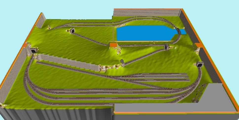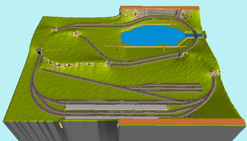 - sokkal szebb, valósághűbb lenne, ha egy kisebb patak, vagy folyó folyna egy innen nézve szép kanyarulattal, és két vasúti híd menne át felette. Egy ott, ahol most is van, egy meg ott, ahol amúgyis van egy bal/jobb ív a két vágányban, közötte az egyenes szakasz alatt. (Igazából azt a kjétvágányos állomást én elhangynám, és egy sima megállóhelyet tennék oda.) |
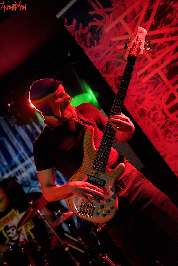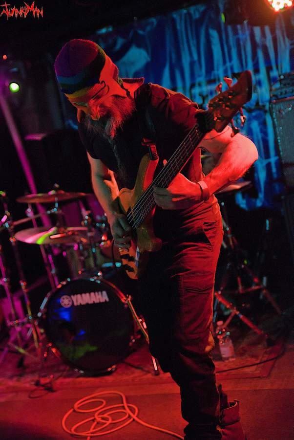 Desde luego, este “mediodía” (madrugada para los trasnochadores), todos los temas van a estar arreglados para bajo y percusión. Y así comienza el espectáculo con “Tiktikyaay”. Un arranque suave, para tomar contacto unos con otros, ellos con nosotros y nosotros con el Universo, despertarse y que el sonido se acople finalmente. ¡Y vaya si lo hizo! Ya durante el mismo “Tiktikyaay” el sonido se acopló. A pesar de lo pesado del mismo y los mandobles que recibían los parches, casi toda frecuencia proyectada quedaba encajada en los márgenes precisos. A lo largo de la actuación, alguna vez se salió algún bajo de madre pero nada excesivamente incordiante y rápidamente atajado.
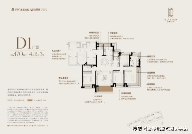 对于纯改善需求的量身定制,在前两个户型基础上,做了更尊奢的开间尺度。据说,保利前基于客户做了非常多的样本调研,所有亮点也能看到保利对于改善家庭需求的思考。
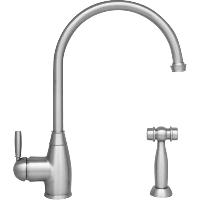 Queenhaus single lever faucet with a long gooseneck spout, solid single lever handle and solid side spray
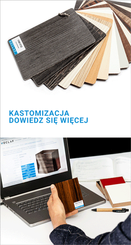 - laminowane płyty wiórowe lub MDF

******

PROBLEM DESCRIPTION — The answer must be an exact copy of the lines from the one containing "Desde luego, este" through the last line of the records, with no pictures included.

SOLUTION FOR THIS EXERCISE —
 Desde luego, este “mediodía” (madrugada para los trasnochadores), todos los temas van a estar arreglados para bajo y percusión. Y así comienza el espectáculo con “Tiktikyaay”. Un arranque suave, para tomar contacto unos con otros, ellos con nosotros y nosotros con el Universo, despertarse y que el sonido se acople finalmente. ¡Y vaya si lo hizo! Ya durante el mismo “Tiktikyaay” el sonido se acopló. A pesar de lo pesado del mismo y los mandobles que recibían los parches, casi toda frecuencia proyectada quedaba encajada en los márgenes precisos. A lo largo de la actuación, alguna vez se salió algún bajo de madre pero nada excesivamente incordiante y rápidamente atajado.
 对于纯改善需求的量身定制,在前两个户型基础上,做了更尊奢的开间尺度。据说,保利前基于客户做了非常多的样本调研,所有亮点也能看到保利对于改善家庭需求的思考。
 Queenhaus single lever faucet with a long gooseneck spout, solid single lever handle and solid side spray
 - laminowane płyty wiórowe lub MDF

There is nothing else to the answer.